----- DATASET EXCERPTS

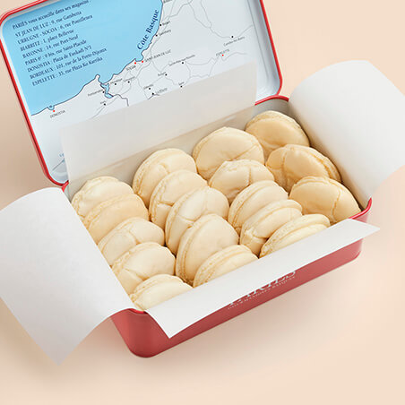 Emblème de la cité corsaire, le macaron de Saint-Jean-de-Luz fait seulement de blancs d’œufs, de sucre et d’amandes - rien à voir avec les macarons parisiens au cœur de ganache - est un biscuit moelleux à une coque. Nous le fabriquons depuis 1914 selon une recette familiale précieusement gardée. On le saupoudre d’un peu de sucre pour plus de gourmandise.
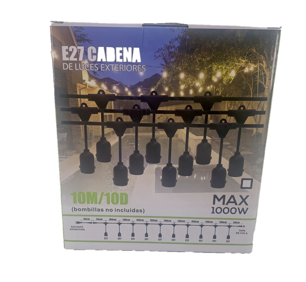 Diseñada para uso profesional y decorativo, la Guirnalda E27 de 10 metros es ideal para crear ambientes cálidos, elegantes y resistentes en exteriores. Perfecta para patios, terrazas, bares, eventos o jardines, combina practicidad, durabilidad y un diseño adaptable a cualquier tipo de foco LED o vintage.
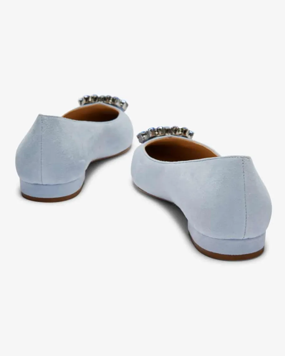 Santana Ballerinas für Damen von Festa in Hellblau. Das feminine Modell bestichtdurch die Verwendung von hochwertigem Veloursleder, das zusammen mit der spitzenForm und dem dezenten Absatz den Schuh zu einem festlichen Begleiter avancierenlässt. Gleichzeitig rundet die markante herzförmige Brosche mit Schmuckstein-Applikationen das Design elegant ab.
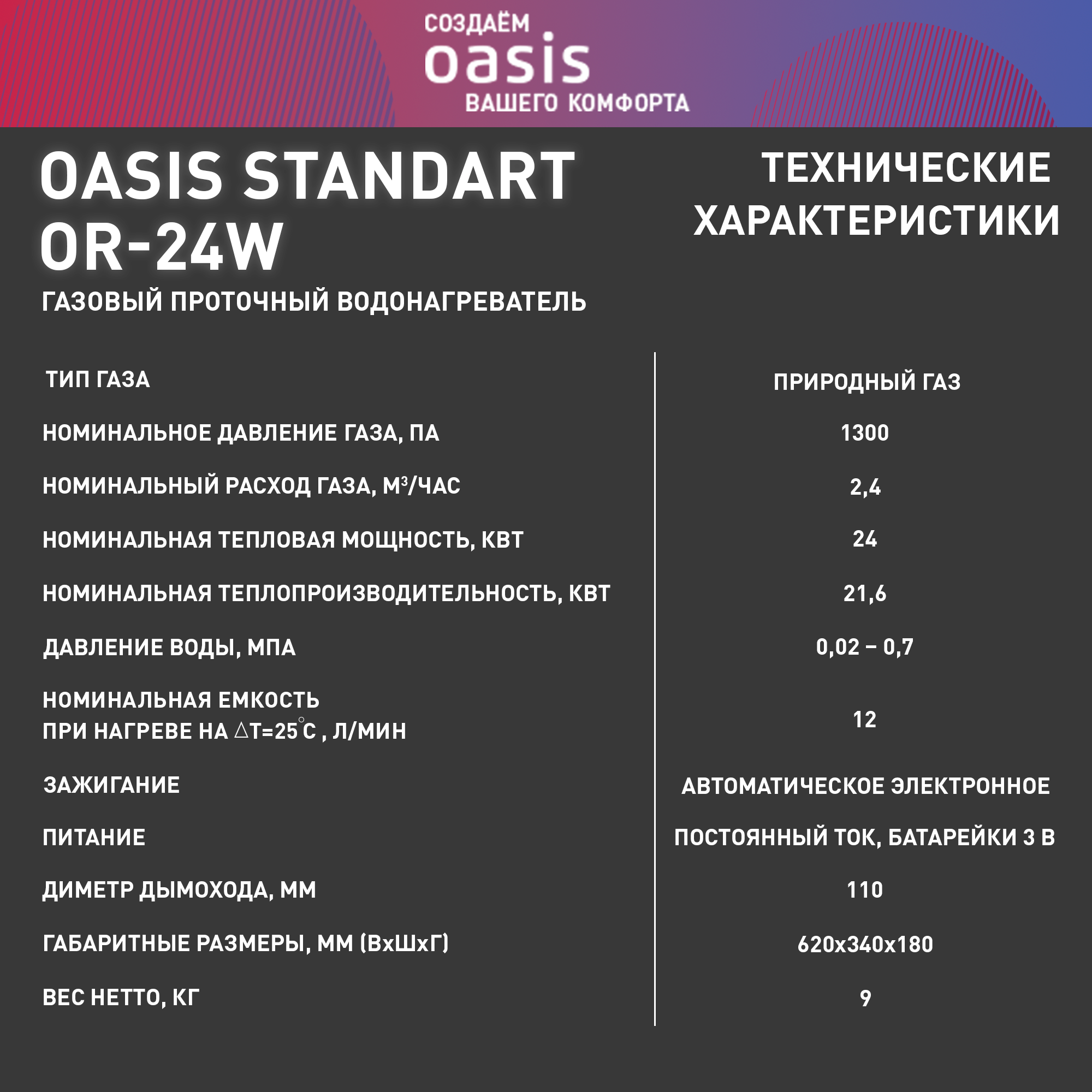 Ниже Вы можете прочитать отзывы на Проточный газовый водонагреватель Oasis OR-24W, ознакомится с подробными характеристиками, посмотреть интересные обзоры и фотографии на Проточный газовый водонагреватель Oasis OR-24W.
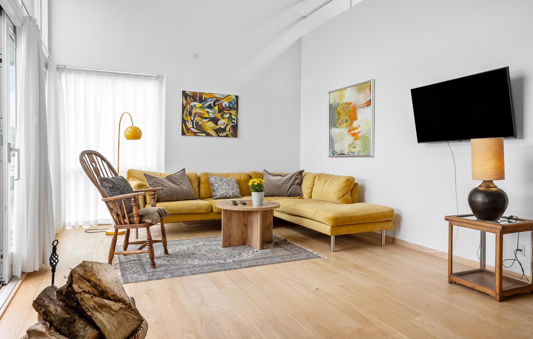 Dieses komfortable Haus ist ebenso geschmackvoll und wie behaglich eingerichtet. Großzügige Fensterfronten lassen viel Tageslicht herein und schaffen eine helle, einladende Umgebung, ideal zum Plaudern oder Musikhören. Zaubern Sie in der modernen Küche köstliche Mahlzeiten, die Sie mit Blick ins Grüne genießen können. Danach lädt das gemütliche Sofa zum Verweilen ein – sei es bei einem Filmabend oder beim entspannten Abschalten.
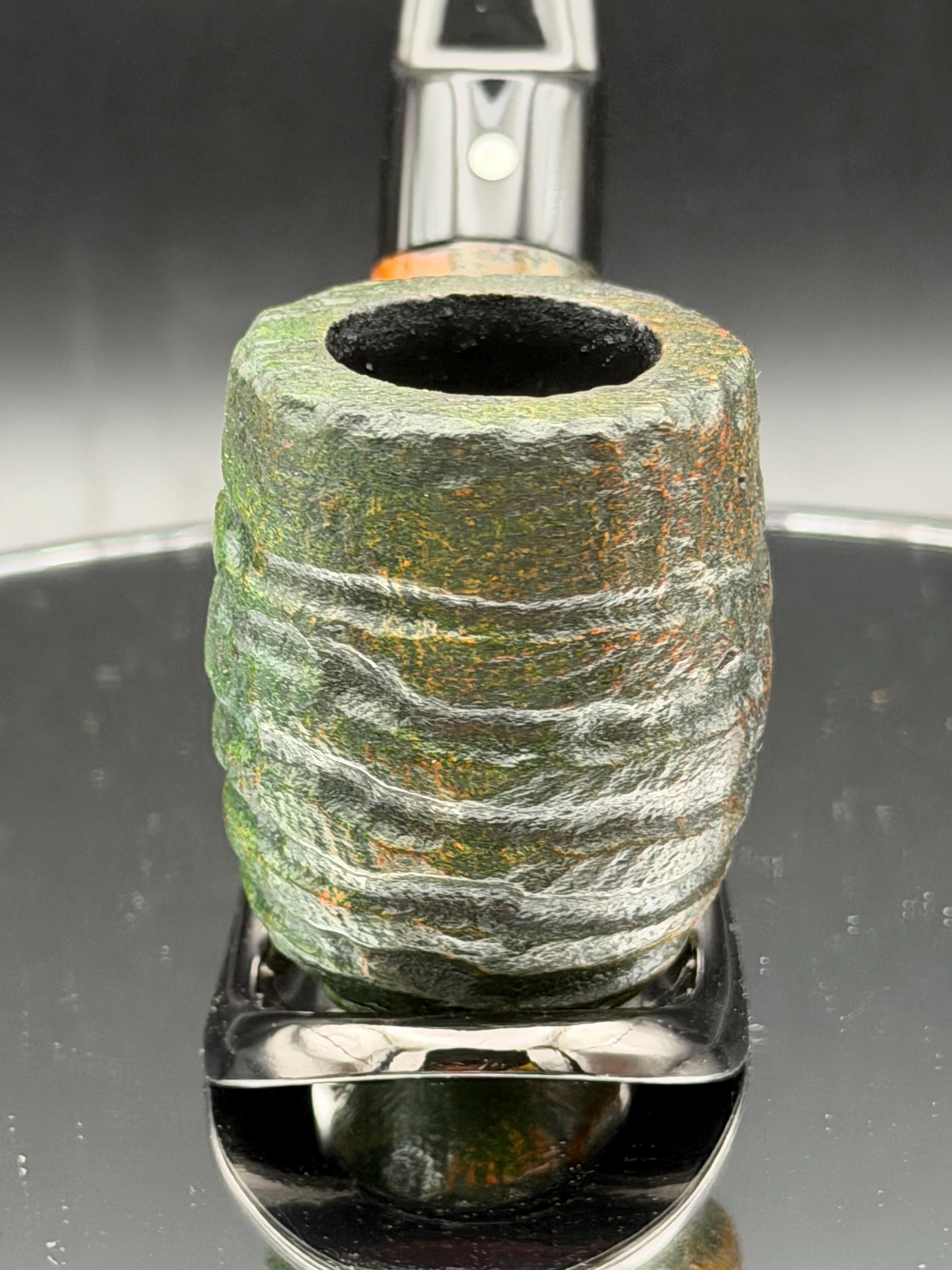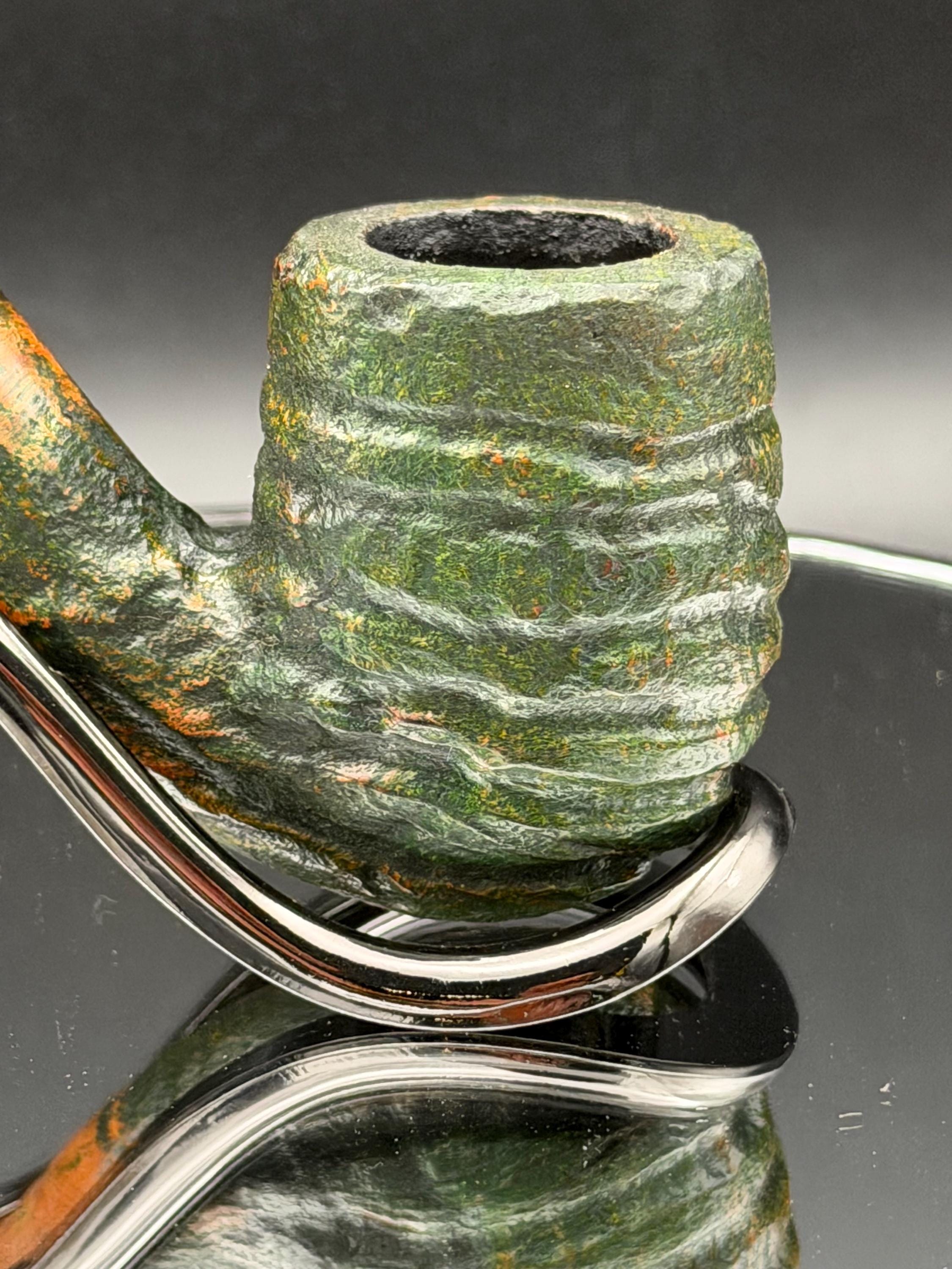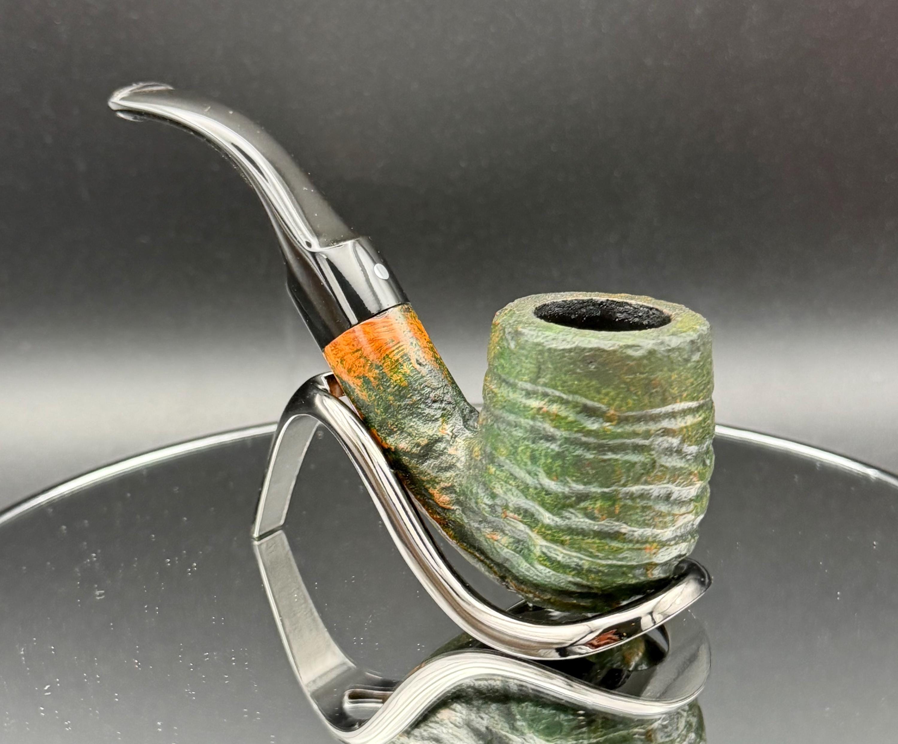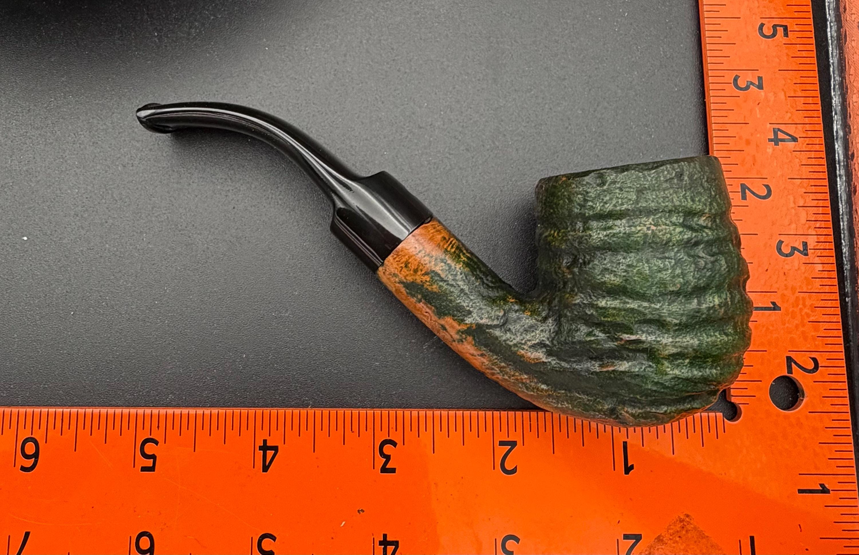 This is a handmade briar pipe that has been carved, rusticated, sandblasted, sanded,oiled, and polished by hand. It has a nice hand formed custom made vulcanite stem machined to fit perfectly. This one is non filtered. A very nice daily smoker. Made to look rustic but a little polished. 7/8x1.5 chamber and has a carbon coating for a starter

----------

▶ [TASK STATEMENT]
Starting at the line above that contains "Diseñada para uso", transcribe every line exactly through the line that contains "Santana Ballerinas für", including that last one, and skip the pictures.

▶ [WORKED SOLUTION]
 Diseñada para uso profesional y decorativo, la Guirnalda E27 de 10 metros es ideal para crear ambientes cálidos, elegantes y resistentes en exteriores. Perfecta para patios, terrazas, bares, eventos o jardines, combina practicidad, durabilidad y un diseño adaptable a cualquier tipo de foco LED o vintage.
 Santana Ballerinas für Damen von Festa in Hellblau. Das feminine Modell bestichtdurch die Verwendung von hochwertigem Veloursleder, das zusammen mit der spitzenForm und dem dezenten Absatz den Schuh zu einem festlichen Begleiter avancierenlässt. Gleichzeitig rundet die markante herzförmige Brosche mit Schmuckstein-Applikationen das Design elegant ab.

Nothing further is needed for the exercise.